Magdalena went once more from one end of the trailer to the other, the photograph still clutched in her hands. She would tell him everything, she decided. She would enlist his aid in her struggle against the monster. She would make of him a soldier of Christ, thereby saving his immortal soul in the bargain, as the Sisters of the Benediction would have it, though she was no longer always so sure what she believed with respect to immortal souls. The thing that had come to her of late was that the fight went on, with immortal
souls, or without them. The fight was the thing and to give up on it was to surrender one’s soul—right here, in the here and now. The hereafter would be what it would be. The struggle itself was the act by which one gave meaning to the world.
Suddenly, however, she felt dizzy and stopped to sit on the edge of the bed. She placed a hand on the back of her neck and found that she was damp with sweat. She supposed she was overdoing it. That Carlotta should be warned, however, was obvious and unequivocal. She found herself staring into the small, chipped face of Fahey’s plaster hula girl, the tiny dancer bathed in the light of her own sixty-watt sun, her grass skirt brittle with time. She was several seconds in observation of this sorry statuary, remarkable if for no other reason than its lack of duct tape, before realizing she had yet to uncover a phone. Perhaps, she thought, he carried one with him, but quickly realized she had no idea where he was. During the course of her illness, when she had kept to the bed, too weak to move, Fahey seemed always nearby. Later, as some of her strength returned and she was able to sit up, she would get the occasional glimpse—Fahey sitting or asleep, on the little couch at the far end of the trailer.
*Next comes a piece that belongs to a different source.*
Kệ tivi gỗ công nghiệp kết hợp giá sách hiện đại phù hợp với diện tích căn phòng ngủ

During the last couple of days he seemed to be less visible. She had taken it as one more token of his generosity. He was allowing her more space, and more privacy to go with it. And so it was that she was alone just now.
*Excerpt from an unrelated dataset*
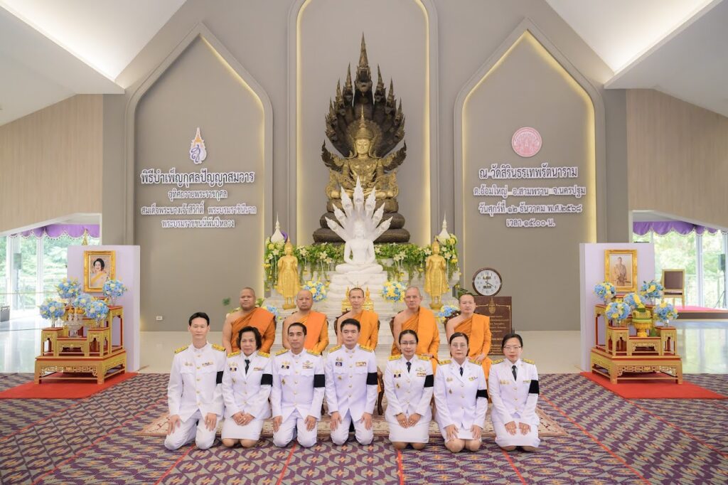 วันศุกร์ที่ 12 ธันวาคม 2568 เวลา 15.00 น. นางสาวนันทิดา บัวแย้ม ผู้ตรวจเงินแผ่นดิน (สตภ.3) นายพยุธ นิรันรัตน์ รองผู้ตรวจเงินแผ่นดิน (สตภ.3) พร้อมด้วยข้าราชการสำนักงานการตรวจเงินแผ่นดินภูมิภาคที่ 3 (จังหวัดนครปฐม) และสำนักตรวจเงินแผ่นดินจังหวัดนครปฐม เข้าร่วมพิธีบำเพ็ญกุศลปัญญาสมวาร 50 วัน เพื่ออุทิศถวายเป็นพระราชกุศลแด่ สมเด็จพระนางเจ้าสิริกิติ์ พระบรมราชินีนาถ พระบรมราชชนนีพันปีหลวง ณ อาคารปฏิบัติธรรมเอสบี วัดสิรินธรเทพรัตนาราม ตำบลอ้อมใหญ่ อำเภอสามพราน จังหวัดนครปฐม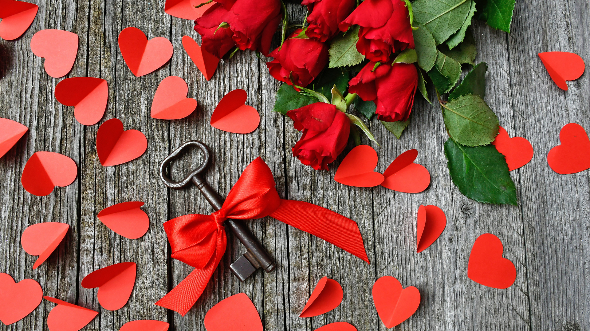Обои 1920x1080 сердце, красный цвет, лист, лепесток, цветок, Full HD, HDTV, 1080p 16:9 картинка

She had been here for the better part of a week yet scarcely knew what else was on the land. There was an old outbuilding at the edge of the property, that and the farmhouse, both of which could be seen from the trailer, though she seemed to remember his saying that the outbuilding was unused and that the house had been commandeered by bees, possibly killer bees out of Africa by way of Mexico. Still, she had no other idea about where to look and when she went to the door she saw that there was indeed a yellow light burning in a small room at one end of the old house. It quickly
occurred to her that she had seen this light before, from the louvered windows at her bedside, that it had burned there each night, all night, and was there in the morning and daytime too for she had seen it even in the afternoon in the shade of the cottonwoods.